Впервые он обнимал ее по-настоящему и так крепко. Так, как никогда никого не обнимал. И был уверен, что больше никого и не обнимет. Это было так же очевидно, как и то, что он желал только ее. И когда она обняла его, когда спрятала лицо у него на груди, в его желании не осталось ничего мерзкого, ничего отвратительного или гнусного. Желание, которое могло бы освободить его, желание столь чистое и неудержимое, что он снова стал дрожать.
Задыхаясь от благодарности к ней за ту капельку сострадания, которую она пожелала дать ему, чтобы спасти тогда, когда ничего не смогло бы спасти его, Эрик удивлялся тому, как одно единственное прикосновение могло обернуть ад раем, а мрак — светом.
— Эрик? — вновь раздался ее голос в безмолвии комнаты.
И Эрик стал постепенно приходить в себя. Настолько, что смог услышать треск поленьев в камине. Слышал ровное дыхание Клэр. И свое собственное. Он почувствовал стройное, худенькое тело, прижатое к нему, тоненькую талию, которую сжимал, мягкую округлую грудь, не спрятанную за корсетом и слоями одежды, а прижатую к нему. Нежный запах ландышей… Мучительная горечь прошлого желания сменилась прикосновением столь чистым, что видения отступили совсем. Настолько, что Эрик смог открыть глаза и оглядеться.
Он стоял в небольшой комнате, где мерно горел огонь. И горели свечи, мягкий свет которых падал на мучительно красивое лицо, поднятое к нему. Эрик заглянул в волшебные темно-золотистые глаза, и почувствовал, как перехватывает горло, как боль сжимает сердце. Едва дыша, он поднял руку и погладил ее по мягким волосам, которые сам же заплел. Клэр не отстранилась от него. Не попыталась отодвинуться.
Клэр… Единственное чудо в его жизни.
— Почему ты это сделала? — с трудом заговорил он, не в состоянии перестать дотрагиваться до нее.
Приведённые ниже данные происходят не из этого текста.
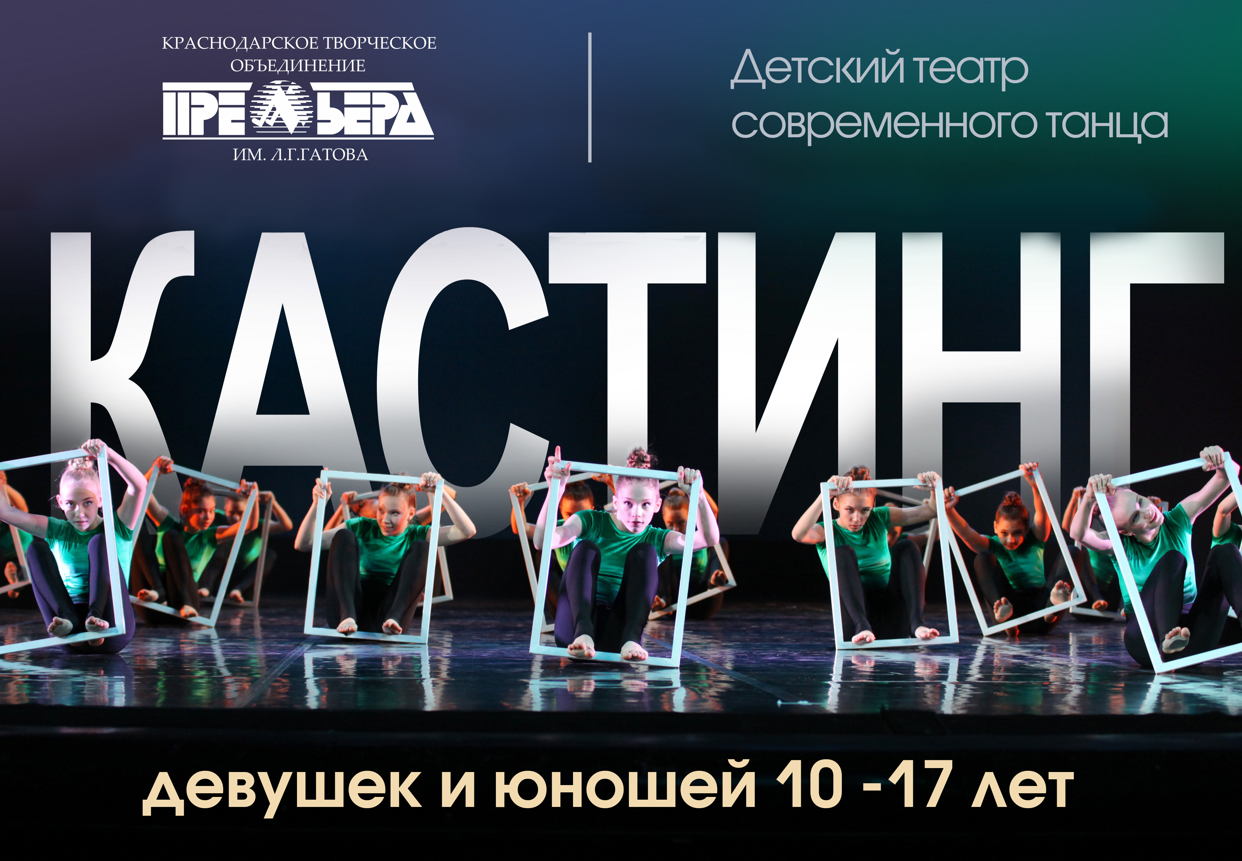 Музыкальный театр проводит кастинг девушек и юношей 10-17 лет с хореографической и гимнастической подготовкой для участия в новом спектакле детского театра танца «Оазис». Режиссёр- известный белорусский хореограф Ольга Лабовкина. Если ты талантлив, не упусти свой шанс принять участие в спектакле современного танца, который будет представлен на лучшей сцене Краснодарского края. Кастинг состоится 19 октября в 19.00 в Музыкальном театре. Всем желающим попробовать себя, приходить с тренировочной формой и обувью. При наличии собственного номера приносить фонограмму на флешке либо на телефоне. Справки по тел: 89885943432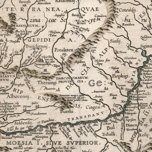 Ancient very rare map of Dacia, Moesia, 1595, (fine art photo paper print, 40 cm x 50 cm)
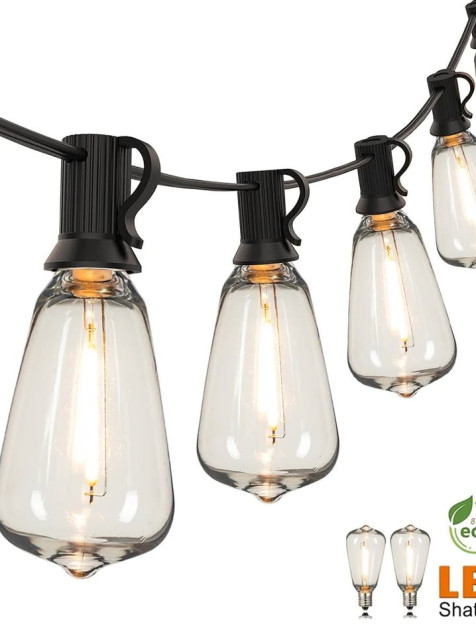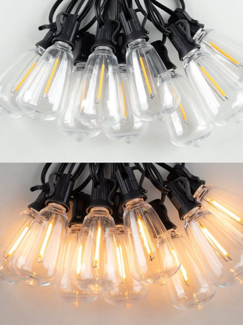 Regulable y seguro patio luces cadena: Estas luces de cadena ST38 son compatibles con dimmer y listadas por UL, que son más seguras que las luces normales. Una bombilla que se apaga no afecta a otras bombillas.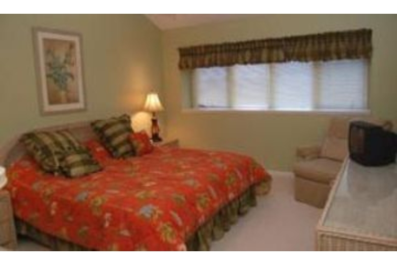 The living room is furnished with a sofa, love seat, two chairs, TV, VCR/DVD player, and slider to golf view deck. The updated kitchen has a table for four and opens to the Carolina Room with a game table for two and gorgeous golf views. The golf view back deck has a dining table for four. The first bedroom is located upon the entrance and has a king bed, chair, TV, and tub/shower combination. The second bedroom has a king swing bed and a private bath with shower that can also be used as a hall bath. Fourteen steps lead to the second floor with two twins, chair, TV, and slider to private balcony with golf view and table for two.Surrounding Description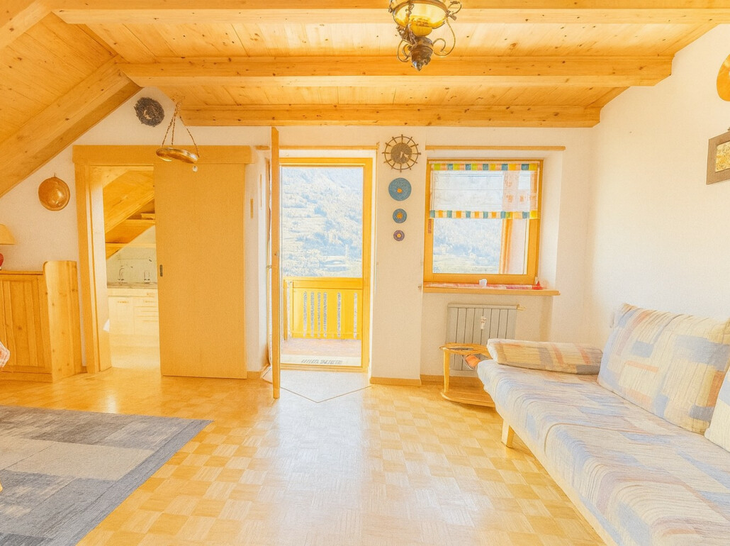 Zum Verkauf steht eine attraktive Zweizimmerwohnung im Dachgeschoss (2. Obergeschoss) eines gepflegten Wohnhauses in Pedratsches/Abtei.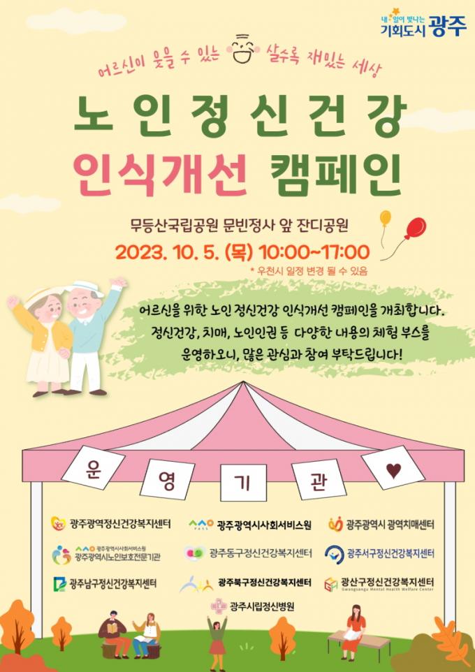 ±¤Áֽð¡ ÁÖÃÖÇÏ°í ±¤ÁÖ±¤¿ªÁ¤½Å°Ç°º¹Áö¼¾ÅÍ¡¤±¤ÁÖ±¤¿ª½Ã»çȸ¼ºñ½º¿øÀÌ ÁÖ°üÇÏ´Â ÇÕµ¿Ä·ÆäÀÎÀº 10¿ù 2ÀÏ ¡®³ëÀÎÀÇ ³¯¡¯À» ¸Â¾Æ ³ëÀÎ Á¤½Å°Ç° ÀÎ½Ä °³¼± ¹× Áö¿ª ³ëÀκ¹Áö¼ºñ½º È«º¸¸¦ À§ÇØ 5°³ ÀÚÄ¡±¸ Á¤½Å°Ç°º¹Áö¼¾ÅÍ, ±¤ÁÖ±¤¿ªÄ¡¸Å¼¾ÅÍ, ±¤ÁÖ³ëÀκ¸È£Àü¹®±â°ü, ±¤Áֽø³Á¤½Åº´¿ø µî 10°³ ±â°üÀÌ ÇÔ²² ÇÑ´Ù.

Взгляд ее был полон беспокойства.
— В тот момент… тогда мне показалось, что это тебе необходимо, — прошептала Клэр, не представляя, что своей искренностью разбивает его вдребезги разбитое сердце. — Что с тобой произошло? Что это было?
Эрик всё смотрел ей в глаза, понимая, что если бы не она, он вероятно никогда бы не пришел в себя. В последний раз, когда воспоминания нагнали его, ему потребовались все его силы, чтобы справиться с ними. А сейчас Клэр сделала это за считанные минуты. Одним своим прикосновением. И если прежде он полагал, что у нее есть некая власть над ним, теперь в этом не осталось никаких сомнений. Потому что ей под силу было то, что не смог бы сделать никто.
Погладив ее по щеке, Эрик осторожно заправил за ушко выбившуюся шелковистую прядь, чувствуя, как выравнивается дыхание. Как постепенно успокаивается сердце. И начинает биться иначе.
— Всё… всё хорошо, — солгал он, не собираясь пугать ее. Или говорить правду.
Особенно эту правду.
Клэр нахмурилась.
— Ты уверен?
Милая Клэр, как он мог быть в чем-то уверен, если она обнимала его, а он продолжал желать ее? Желание никуда не ушло. Оно по-прежнему сковало всё его тело, но сейчас в желании не было мерзости и боли. Когда-то Эрик был уверен, что не сможет дотронуться ни до кого, ни за что не пожелает ни одну женщину в мире, а сейчас, глядя на Клэр, он удивлялся тому, как легко может касаться ее, чувствовать ее. Желать ее… Только ее одну… Так сильно, что болела каждая напряженная мышца, каждая косточка его тела. Она даже понятия не имела о том, насколько могла быть желанной.
— Да.
Она окинула его лицо изучающим взглядом, затем вновь заглянула в глаза.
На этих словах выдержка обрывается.